Give a faithful, exact copy of all entries, minus the images.
##### DATA FOR THE TASK #####
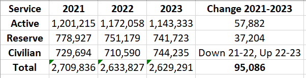 Federalist calculations using DMDC data from each fiscal year end in Sept.
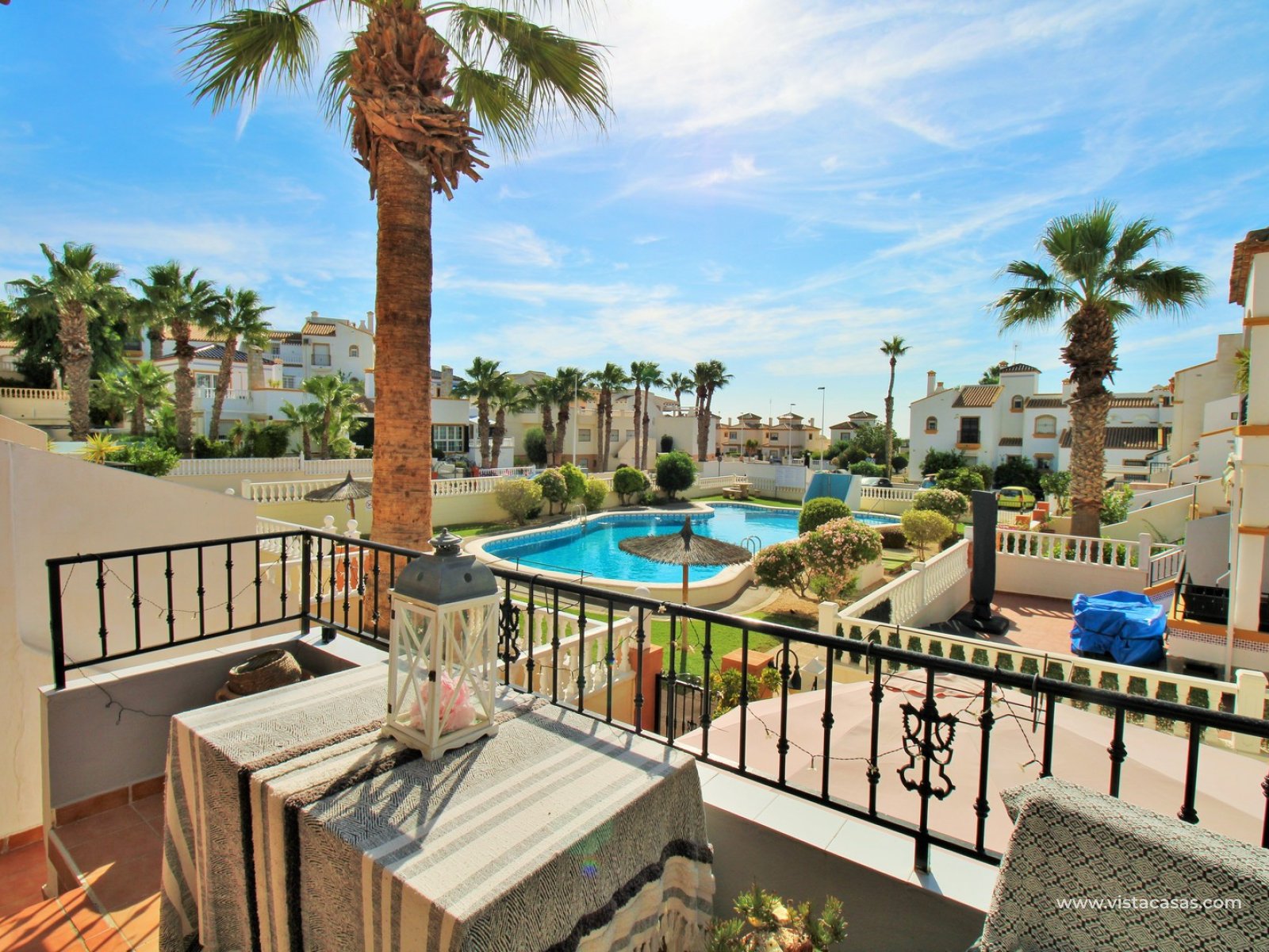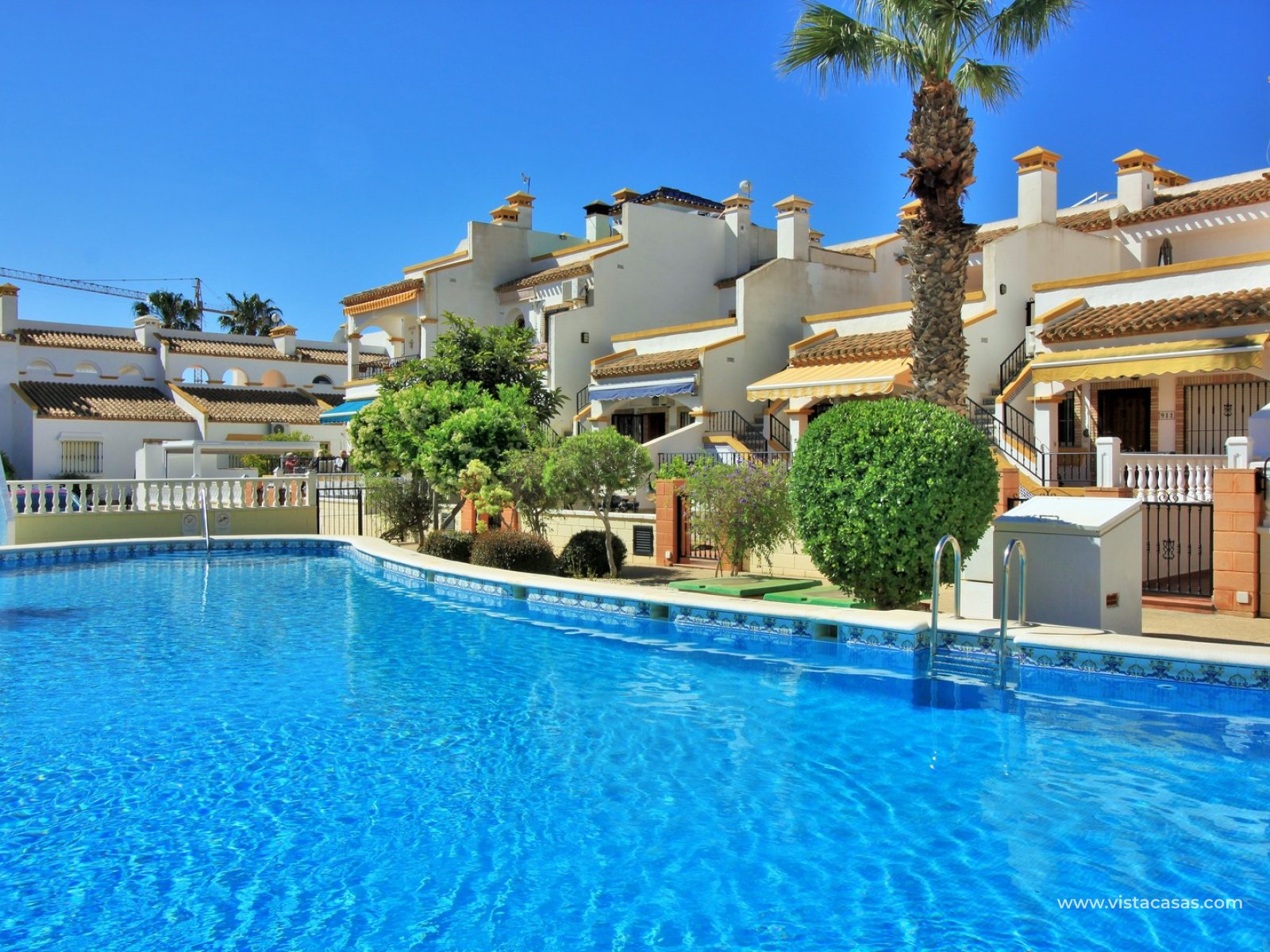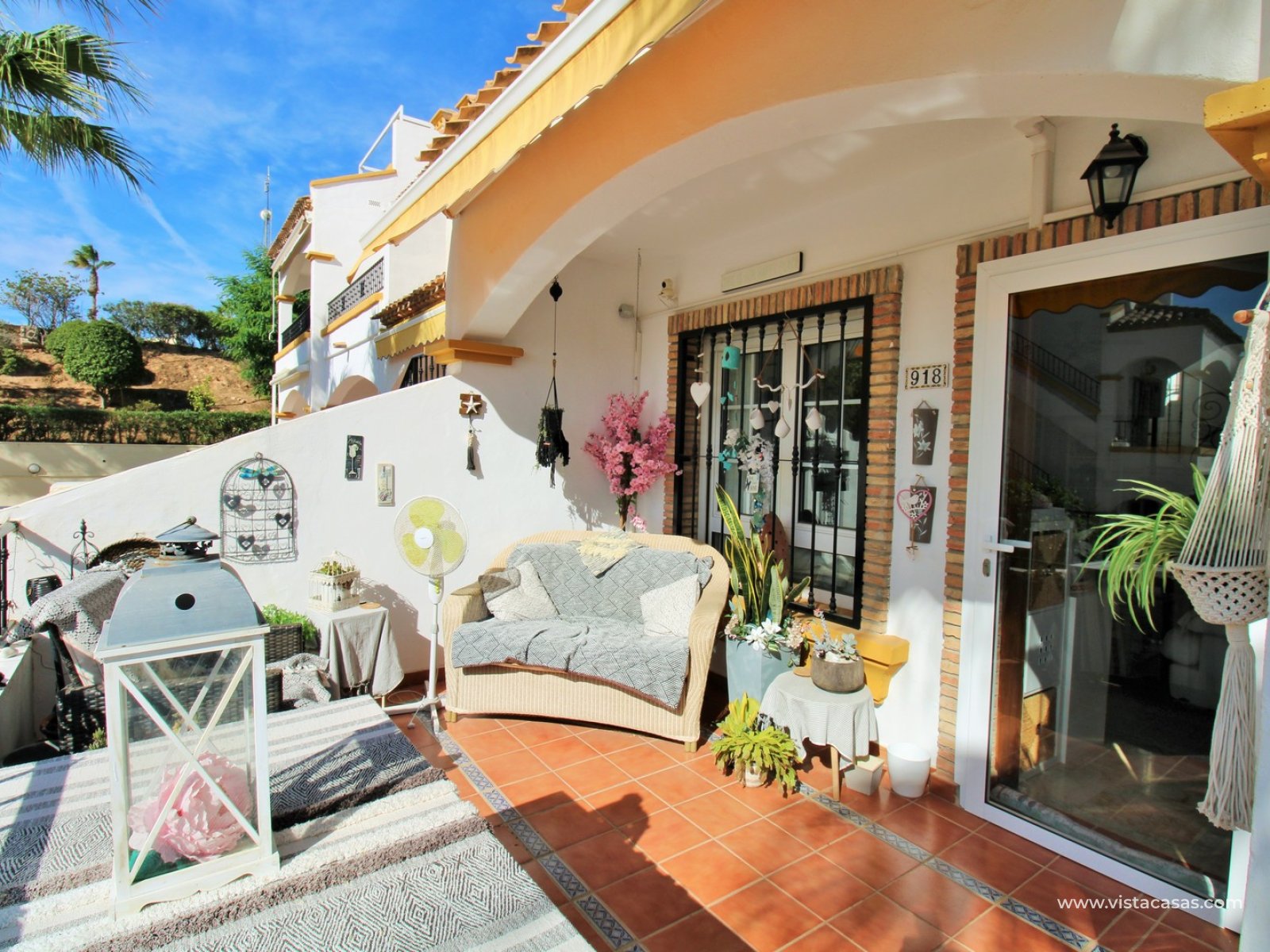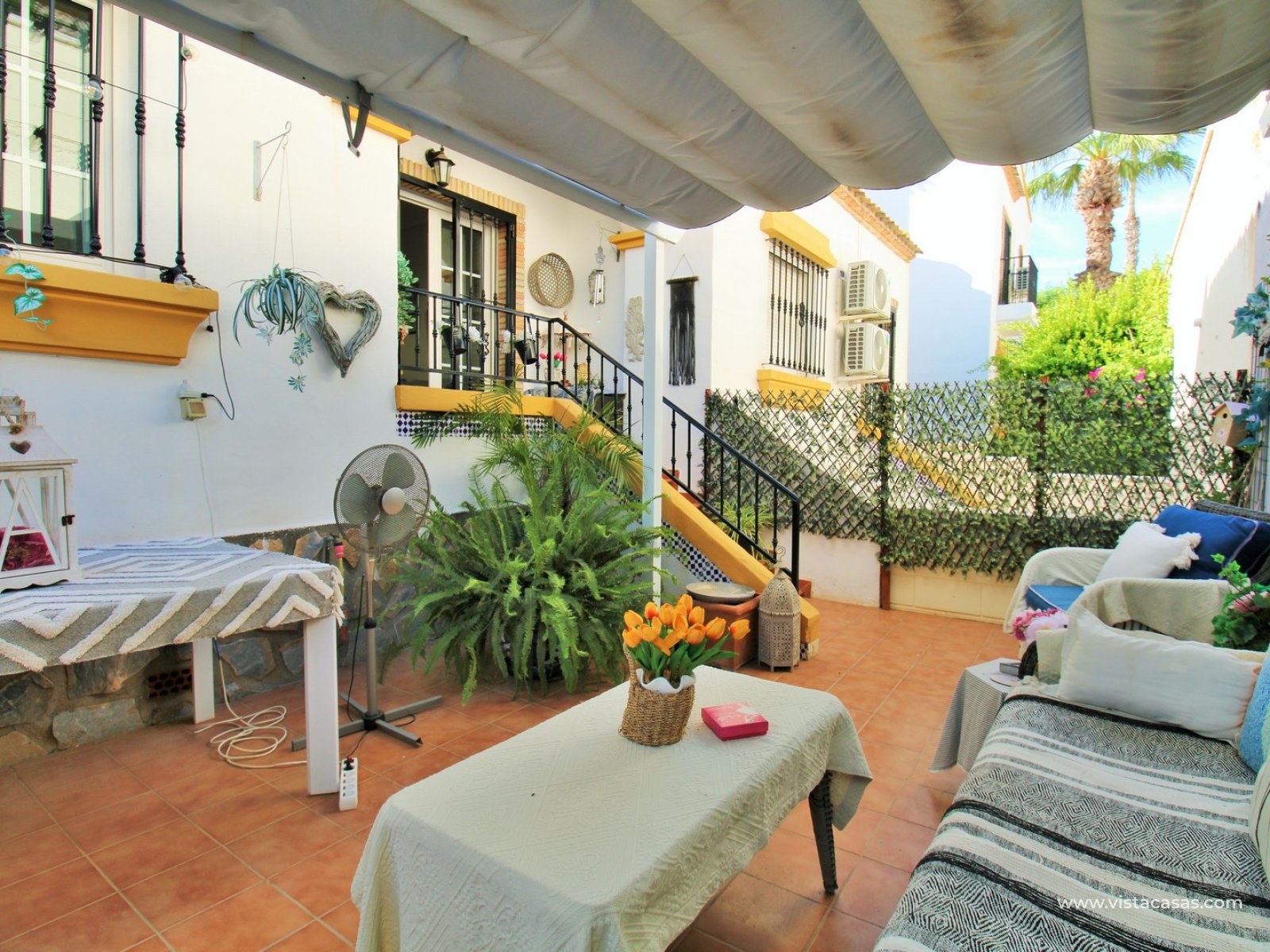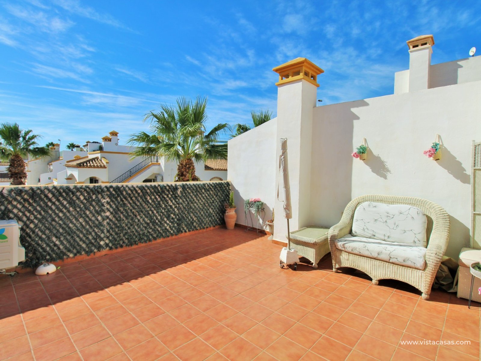 The ground floor offers a bright and spacious lounge–dining area with an open-plan kitchen and adjoining utility space. To the rear are two double bedrooms with fitted wardrobes, together with a family bathroom. French doors from one of the bedrooms open onto the rear tiled garden/terrace, complete with retractable awnings for shade and comfort. To the front, there is an additional tiled garden with a raised, covered terrace which overlooks the pool, beneath which is a useful storage room. On the first floor, the master bedroom features high ceilings, an en-suite bathroom with walk-in shower, ample storage within the built-in storeroom, and direct access to a large private solarium. The solarium can also be reached from the landing and enjoys sunshine throughout the day and views of the pool.
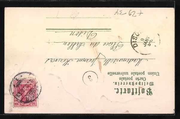 Personenbezogene Daten auf der Rückseite der Karte wurden durch blauen Textmarker unkenntlich gemacht. Die blauen Stellen sind auf die Vorderseite durchgeweicht und wirken sich negativ auf das Postkartenfoto aus
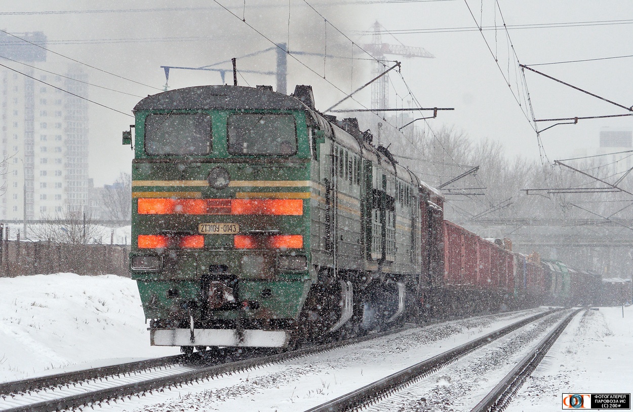| Тепловоз 2ТЭ10У-0143, перегон Минск-Сортировочный - Помыслище, Минск Автор: Михаил Шамне | Фото сделано 1.II.2009, опубликовано 15.II.2009.
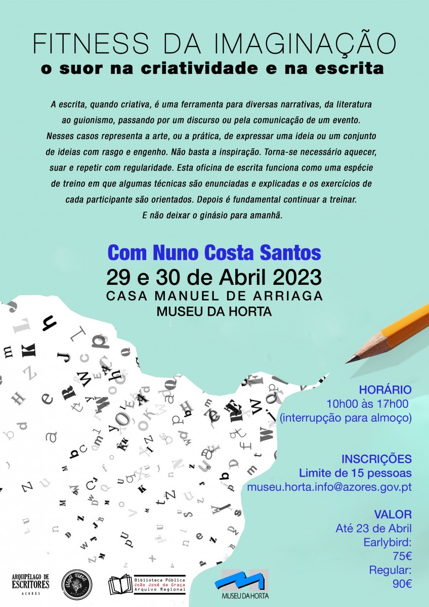 O Museu da Horta associa-se à Alga Viva Produtores, em parceria com a Biblioteca Pública e Arquivo Regional João José da Graça, para a realização da oficina de escrita “Fitness da Imaginação: o suor na criatividade e na escrita” com o escritor Nuno Costa Santos, a decorrer nos dias 29 e 30 de abril, das 10h às 17h, na Casa Manuel de Arriaga.
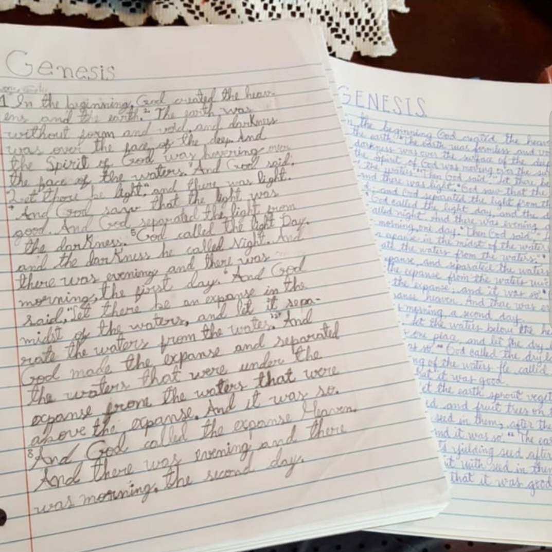 El copiado, que es en ambos idiomas, lo hacemos en cuadernos diferentes. En inglés hemos creado algo que se llama «Proyecto Escriba». Después de un tiempo de constante lucha, decidimos copiar los libros de la Biblia, empezamos y estamos por Génesis, máximo dos versículos diarios. En español, Omellette escoge una fábula, poema o himno de su preferencia. Este año se encariñó con las Fábulas de Rafael Pombo. Copia una estrofa, una o dos veces por semana.
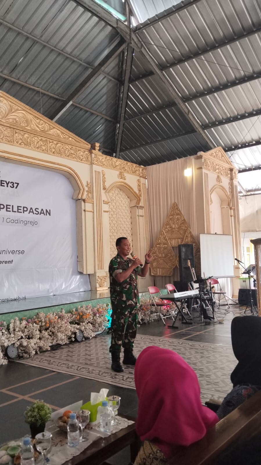 Danramil 424-07/Gadingrejo Kapten Inf Redi Kurniawan Beserta 1 orang anggota menghadiri Acara Perpisahan Siswa Siswi kelas 12 SMA N 1 Gadingrejo, di Aula SMA N 1 Gadingrejo. Senin (29/4/24).
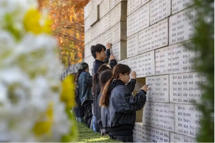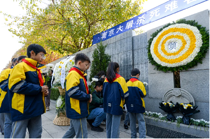 青灰色石墙上高悬着青松枝叶,黄白菊花组成庄严的“奠”字花环,密密麻麻的名字无声诉说着历史的伤痛。
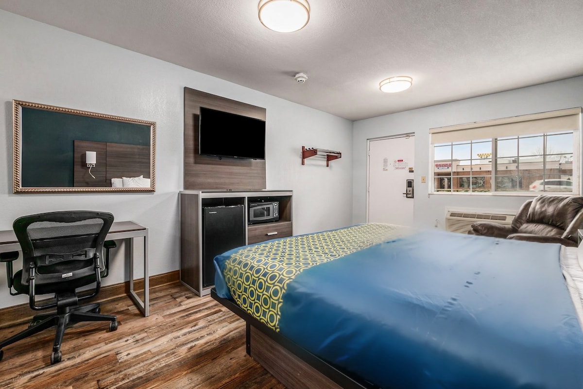 Our premium smoke-free room combines comfort and convenience with a microwave, refrigerator, flat-screen TV, and free Wi-Fi. Families enjoy kids stay free, and pets are welcome. After exploring Highbanks Metro Park or shopping at Polaris Fashion Place, unwind with ease. Free parking and nearby dining make for a practical, affordable, and welcoming Columbus stay.
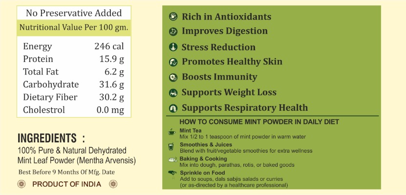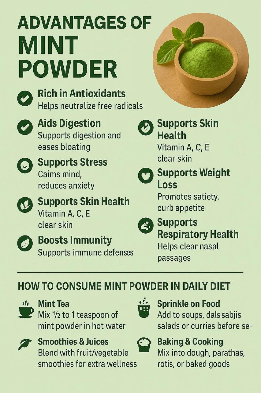 Refreshing and aromatic, mint is a natural coolant packed with antioxidants, vitamins, and digestive benefits. Our mint powder is made from carefully dried fresh leaves, preserving its vibrant flavor and soothing properties. Perfect for chutneys, teas, drinks, and seasoning, it adds a burst of freshness and wellness to everyday recipes.
#####
→ **PROBLEM SOLUTION**:
 Federalist calculations using DMDC data from each fiscal year end in Sept.
 The ground floor offers a bright and spacious lounge–dining area with an open-plan kitchen and adjoining utility space. To the rear are two double bedrooms with fitted wardrobes, together with a family bathroom. French doors from one of the bedrooms open onto the rear tiled garden/terrace, complete with retractable awnings for shade and comfort. To the front, there is an additional tiled garden with a raised, covered terrace which overlooks the pool, beneath which is a useful storage room. On the first floor, the master bedroom features high ceilings, an en-suite bathroom with walk-in shower, ample storage within the built-in storeroom, and direct access to a large private solarium. The solarium can also be reached from the landing and enjoys sunshine throughout the day and views of the pool.
 Personenbezogene Daten auf der Rückseite der Karte wurden durch blauen Textmarker unkenntlich gemacht. Die blauen Stellen sind auf die Vorderseite durchgeweicht und wirken sich negativ auf das Postkartenfoto aus
| Тепловоз 2ТЭ10У-0143, перегон Минск-Сортировочный - Помыслище, Минск Автор: Михаил Шамне | Фото сделано 1.II.2009, опубликовано 15.II.2009.
 O Museu da Horta associa-se à Alga Viva Produtores, em parceria com a Biblioteca Pública e Arquivo Regional João José da Graça, para a realização da oficina de escrita “Fitness da Imaginação: o suor na criatividade e na escrita” com o escritor Nuno Costa Santos, a decorrer nos dias 29 e 30 de abril, das 10h às 17h, na Casa Manuel de Arriaga.
 El copiado, que es en ambos idiomas, lo hacemos en cuadernos diferentes. En inglés hemos creado algo que se llama «Proyecto Escriba». Después de un tiempo de constante lucha, decidimos copiar los libros de la Biblia, empezamos y estamos por Génesis, máximo dos versículos diarios. En español, Omellette escoge una fábula, poema o himno de su preferencia. Este año se encariñó con las Fábulas de Rafael Pombo. Copia una estrofa, una o dos veces por semana.
 Danramil 424-07/Gadingrejo Kapten Inf Redi Kurniawan Beserta 1 orang anggota menghadiri Acara Perpisahan Siswa Siswi kelas 12 SMA N 1 Gadingrejo, di Aula SMA N 1 Gadingrejo. Senin (29/4/24).
 青灰色石墙上高悬着青松枝叶,黄白菊花组成庄严的“奠”字花环,密密麻麻的名字无声诉说着历史的伤痛。
 Our premium smoke-free room combines comfort and convenience with a microwave, refrigerator, flat-screen TV, and free Wi-Fi. Families enjoy kids stay free, and pets are welcome. After exploring Highbanks Metro Park or shopping at Polaris Fashion Place, unwind with ease. Free parking and nearby dining make for a practical, affordable, and welcoming Columbus stay.
 Refreshing and aromatic, mint is a natural coolant packed with antioxidants, vitamins, and digestive benefits. Our mint powder is made from carefully dried fresh leaves, preserving its vibrant flavor and soothing properties. Perfect for chutneys, teas, drinks, and seasoning, it adds a burst of freshness and wellness to everyday recipes.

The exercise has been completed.